**Directions**
Your copy should hold every record verbatim and none of the pictures.

Excerpts from a dataset
>>>>>
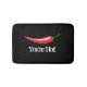 Funny black bathmat with red hot chilli pepper icon. Spicy food design with vintage typography template. Add your own personalised name, monogram or humourous quote / saying. Cute gift idea for new home. Suitable for men and women. Custom rug for bathroom or wet room.
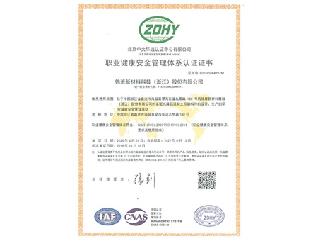 职业健康与安全管理体系认证证书
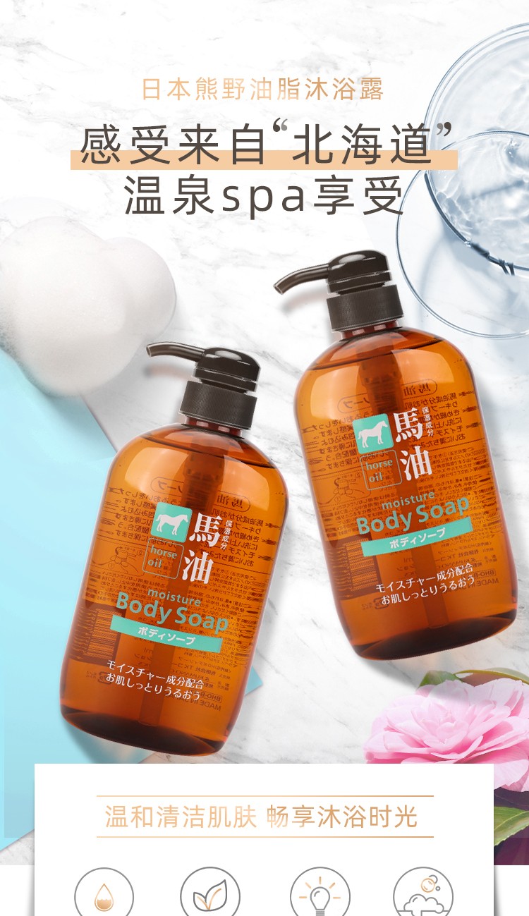 【3瓶装】熊野油脂无硅油马油洗发水护发素沐浴露套装 600ml*3瓶
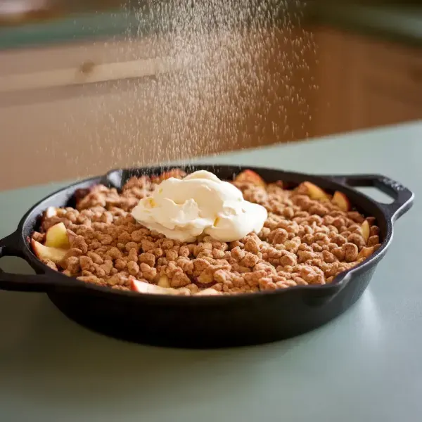 Sprinkle the prepared crumble topping evenly over the apple mixture in the skillet. Place the skillet on the prepared baking sheet and bake in the preheated oven for 15 to 20 minutes, or until the fruit is tender and the topping is deep golden brown. Rotating the skillet halfway through baking can help ensure even browning.
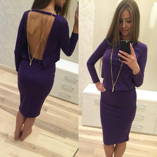 One of the most beautiful and feminine decorations for an evening dress with an open back is a thin long chain, falling to the back. It can be decorated with a concise pendant. There may be several chains at once. Then they are intertwined with each other and cover the back, like an openwork sparkling mesh.
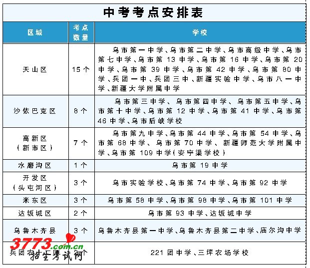 新疆都市报讯(记者周坤报道)高考结束没多久,6月26日至28日,乌鲁木齐市2.7万余名学子将在44个考点、1109个考场迎战中考。与往年相比,今年中考时间有所变动,下午考试时间将提前半小时进行。
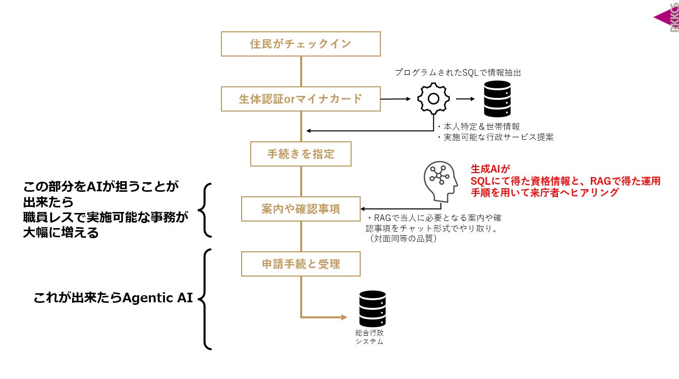 当社は今年4月に提供を開始した生成AI型マニュアルシステム「おとなりさん」や、今年1月に宇和島市でデジタル庁が主催したAIアイデアソンから生まれた「基幹系データベースと生成AIとの融合」をテーマとして制作したモックアップをご紹介しました。総合窓口の現場で職員レスを実現するために、業務担当職員によるご案内が必要な事務をAIが代替する流れを想定した試作品です。総合行政システム(基本データリスト)から、対象者の個人情報および資格情報を抽出し、その内容と予め学習させておいた法律や業務手続きに関する内容を組み合わせ、生成AIが窓口に来た住民に対して必要なご案内事項に対応するという仕組みになっています。
<<<<<
**Task response**
 Funny black bathmat with red hot chilli pepper icon. Spicy food design with vintage typography template. Add your own personalised name, monogram or humourous quote / saying. Cute gift idea for new home. Suitable for men and women. Custom rug for bathroom or wet room.
 职业健康与安全管理体系认证证书
 【3瓶装】熊野油脂无硅油马油洗发水护发素沐浴露套装 600ml*3瓶
 Sprinkle the prepared crumble topping evenly over the apple mixture in the skillet. Place the skillet on the prepared baking sheet and bake in the preheated oven for 15 to 20 minutes, or until the fruit is tender and the topping is deep golden brown. Rotating the skillet halfway through baking can help ensure even browning.
 One of the most beautiful and feminine decorations for an evening dress with an open back is a thin long chain, falling to the back. It can be decorated with a concise pendant. There may be several chains at once. Then they are intertwined with each other and cover the back, like an openwork sparkling mesh.
 新疆都市报讯(记者周坤报道)高考结束没多久,6月26日至28日,乌鲁木齐市2.7万余名学子将在44个考点、1109个考场迎战中考。与往年相比,今年中考时间有所变动,下午考试时间将提前半小时进行。
 当社は今年4月に提供を開始した生成AI型マニュアルシステム「おとなりさん」や、今年1月に宇和島市でデジタル庁が主催したAIアイデアソンから生まれた「基幹系データベースと生成AIとの融合」をテーマとして制作したモックアップをご紹介しました。総合窓口の現場で職員レスを実現するために、業務担当職員によるご案内が必要な事務をAIが代替する流れを想定した試作品です。総合行政システム(基本データリスト)から、対象者の個人情報および資格情報を抽出し、その内容と予め学習させておいた法律や業務手続きに関する内容を組み合わせ、生成AIが窓口に来た住民に対して必要なご案内事項に対応するという仕組みになっています。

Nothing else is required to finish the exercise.